Thames Water's, which saw profits soar, has requested a drought order
Instead of having to pay a penalty, the company will invest an extra £150m over five years to replace ageing pipes.
Thames was expected last year to cut its average daily leakage rate to 860 million litres, but only managed to reduce it to 894 million.
The firm has missed targets three years in a row, and has been criticised as water supplies fell and profits rose.
Thames recently applied for a drought order, and also has reported a 31% increase in profits and bonuses for some of its top executives.
The money the firm is being told to invest by Ofwat is twice as much as the fine the regulator could have imposed.
"A fine would not have gone to protect customers, but to the Exchequer," said Ofwat in a statement.
"Thames has bound itself to spend an extra £150m at the cost of its shareholders to replace more ageing pipes than planned. This will directly address the issue of London leakage and achieve more secure supplies," said Ofwat.
The investment will go towards replacing at least 368km of mains pipes, in addition to the 1,234km that the firm is already committed to replacing between 2005 and 2010.
Ofwat has set new leakage reduction targets, saying that by 2010 Thames will have to meet levels that are 20% harsher than the earlier ones.
However, critics have complained that in the years up to 2010 the targets, rather than getting tougher, have actually got easier.
This year, for example, Thames will have to cut its daily leakage rate to 840 million litres, far higher than the earlier level of 805 million litres.
Although it has reduced the volume of water being lost, Ofwat said in late June that Thames' performance was "unacceptable".
Environment Minister Ian Pearson backed Ofwat's decision, saying: "It is right that the consumer does not bear the burden of the increased investment needed for Thames to deal with its failure to meet its leakage targets."
Especially as Thames, which is owned by German utility group RWE, reported pre-tax profits of £346.5m during its last financial year. It also has applied for a drought order and expects to hear in August whether it will be issued.
Not everyone was pleased with Ofwat's decision. Elizabeth Howlett, deputy chair of the London Assembly's Health and Public Services committee, was among the most outspoken.
"It's insulting to suggest that merely redistributing huge profits borne by rising prices is any penalty for Thames Water's poor maintenance record," she said.
"Disgruntled consumers, who are facing more and more restrictions, would've welcomed much tougher penalties and stricter targets on reduction levels, rather than letting Thames off the hook with this half-baked effort," she said.

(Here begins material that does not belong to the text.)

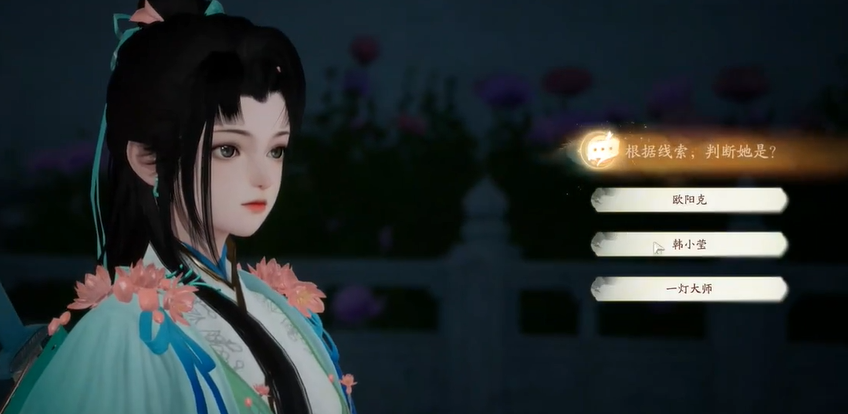 2、去旁边找到青衣女子,选择【韩小英】,在战斗中击败青衣女子;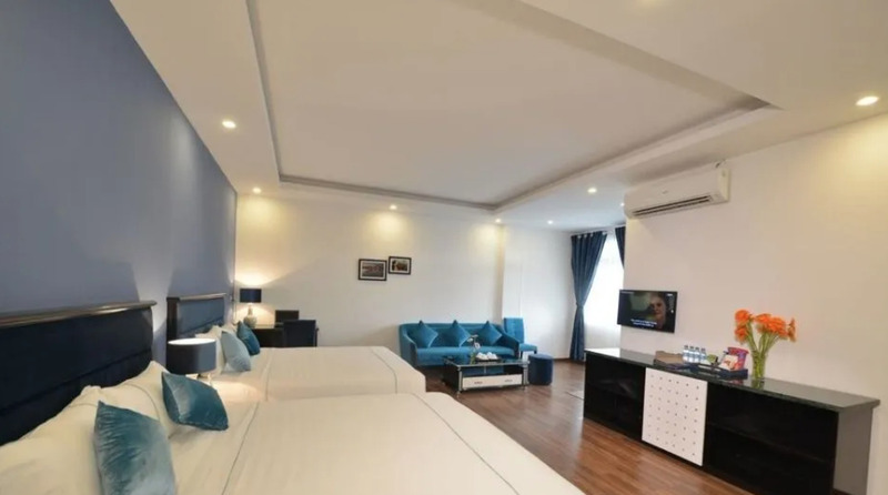 Bước vào Deluxe Double Room, bạn sẽ cảm nhận ngay được một không gian sang trọng mà nền nã với sắc màu xanh dương và trắng của những bức tường và một số vật dụng nhỏ nhắn khác. Phòng rộng 32m2 được đặt 2 chiếc giường đơn dành cho 2 người lớn, thích hợp cho nhóm bạn 2 người.

Pressure group the Consumer Council for Water said that while it welcomed the increased spending on the leaks, Thames' customers should be given a refund, or rebate, from their bills to compensate for the company's failures.
"Thames took consumers' money without delivering on their promises - it is only right that they should give back what they owe to their customers," said Dame Yve Buckland, chair of the CC Water.